I have a series of “stock” questions which I tend to ask of jurors as a group, each of which is intended to prepare them for service as jurors. If defending, for example, I will often ask if anyone has “already” decided how the case is likely to turn out, based on the questions posed by plaintiff’s attorney? I follow that with questions intended to communicate the difficulty I have as defense counsel in “following” the plaintiff’s counsel, who always “goes first.”
If there are “bad facts” that you know will likely be offered into evidence, try to condition the jurors to hear those bad facts by discussing them in general terms in voir dire. Voir dire is also an opportunity to discuss “good facts,” and if there are jurors who are empathetic to your client or the situation at issue, you may be able to draw out favorable information from the potential jurors that will effectively communicate arguments that you would not be free to pose yourself in the context of jury selection.
Here is where many trial lawyers go awry. I often see attorneys working hard to identify the jurors they believe will be helpful to their case. The result, of course, is that they have helped me identify jurors who I believe should be stricken. The key is to remember that your mission is to “de-select” jurors who are less likely than others to decide the case favorably to your client.

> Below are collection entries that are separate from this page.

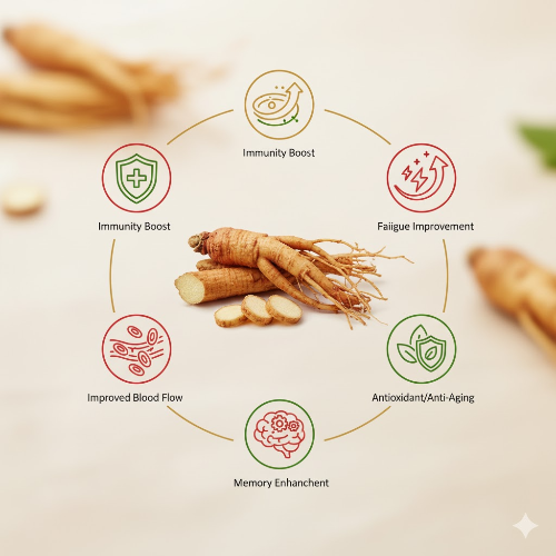 1. 면역력 증진: 우리 몸의 면역세포를 활성화시켜, 외부 바이러스나 세균에 대한 저항력을 높여줍니다. (환절기에 홍삼을 찾는 가장 큰 이유죠!)
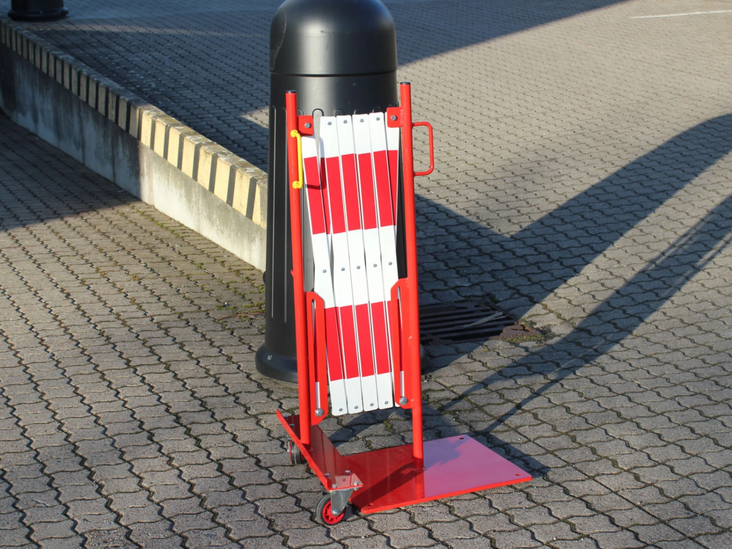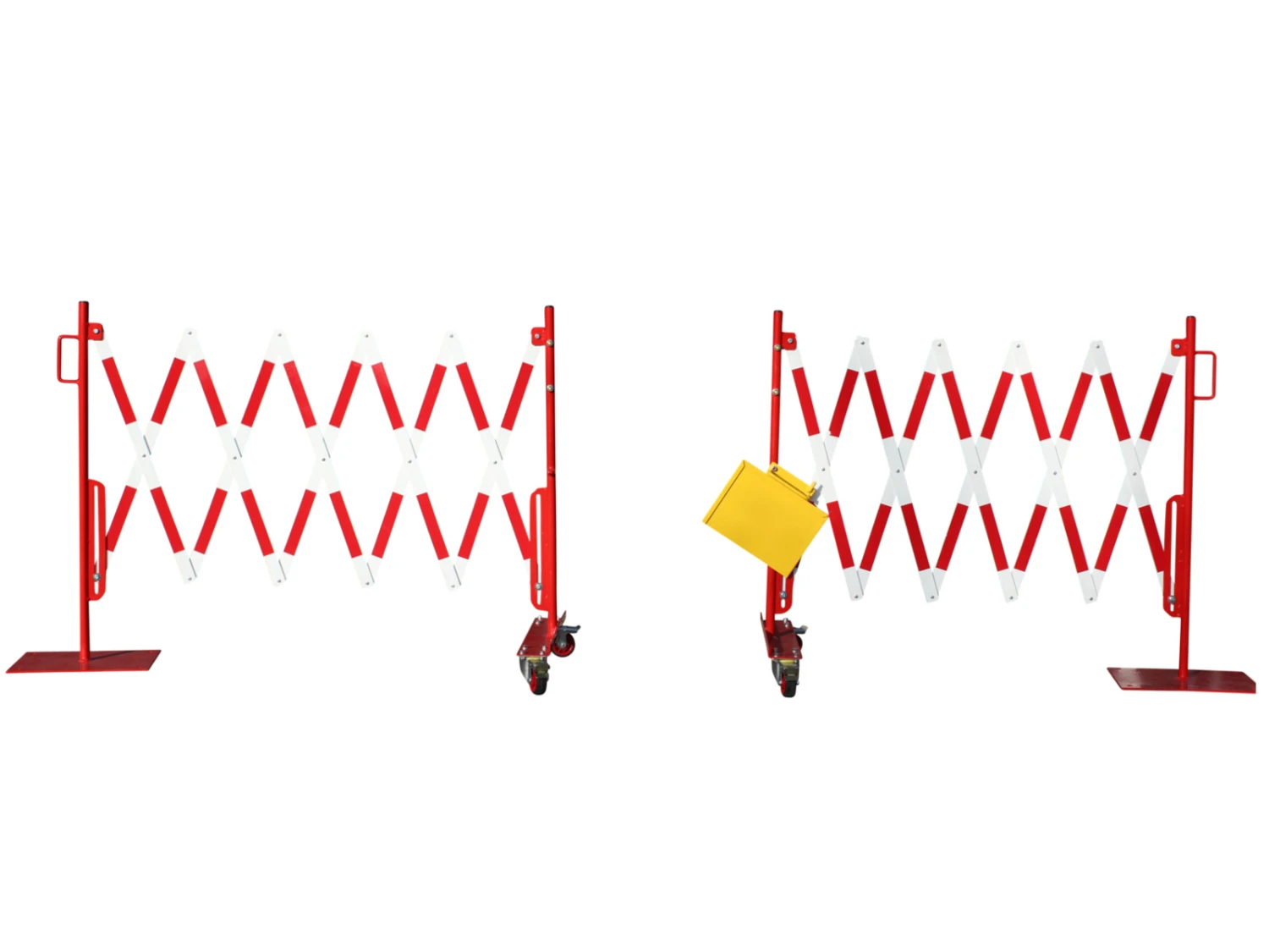 - Scherengitter aus Stahl mit Rollen und mobilem Sperrpfosten
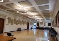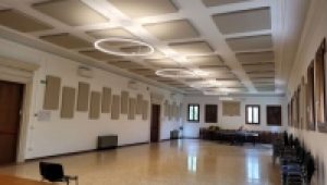per quanto riguarda l’illuminazione del salone siamo ancora nella stessa situazione: come detto il materiale è già stato consegnato e pagato da tempo ma non è ancora stato possibile montarlo perché devono essere piazzati prima i pannelli dell’insonorizzazione. L’installazione dei pannelli è in corso d’opera da una settimana tramite il nostro manutentore interno, ci vorrà un po’ perchè è un lavoro non proprio semplicissimo e perchè il manutentore deve anche occuparsi di altre urgenze nel frattempo, ma appena avrà terminato quello potremo finalmente procedere al piazzamento dei lampadari e dei collegamenti elettrici.

A useful exercise to prepare for jury selection is to outline the qualities of the jurors you want and don’t want, and then make sure your questions are designed to elicit responses from the jurors you do not want. A question that is too “balanced” may help your opponent identify the jurors you would otherwise want, so the trick is to design questions that are more likely to help you in your jury selection than to help your opponent in hers.
Purely as a matter of courtesy and rapport-building, the lawyers should work to end each conversation with an individual juror in such a way that neither the juror nor his fellow jurors feel that you have any disrespect for the juror’s views, or for the juror as a person, as a result of his or her candor. You can thank the juror for being frank, make sure that you have come to “closure” with the juror, and move on, without necessarily validating the juror’s views.
Any fool can exercise a peremptory challenge, but the real art in jury selection is persuading the judge to excuse “for cause” a juror whom you feel ought to be disqualified from hearing your case. I try to have the juror agree that it would be difficult for them to consider a case such as the one which has been described to them, or commit to an agreement that they would not want a juror with their notions or preconceived ideas considering this case if they were in the shoes of my client. I typically turn to the judge and “ask that Ms. Doe be excused for cause, given her concerns about her ability to be fair to my client.” I shudder whenever I hear a lawyer turn to the judge and ask “that juror number 5 be stricken for cause,” as it gives all of the jurors the impression that the bailiff might just unholster his pistol and take care of the matter on the spot. Even assuming the challenge for cause is sustained, that attorney has likely made it difficult to obtain candid responses from the “surviving” jurors.
These precepts are not easy to master, but lawyers who have these techniques firmly in hand can be confident that they are taking fullest advantage of their one chance to make a good first impression upon the jurors who will decide their cases.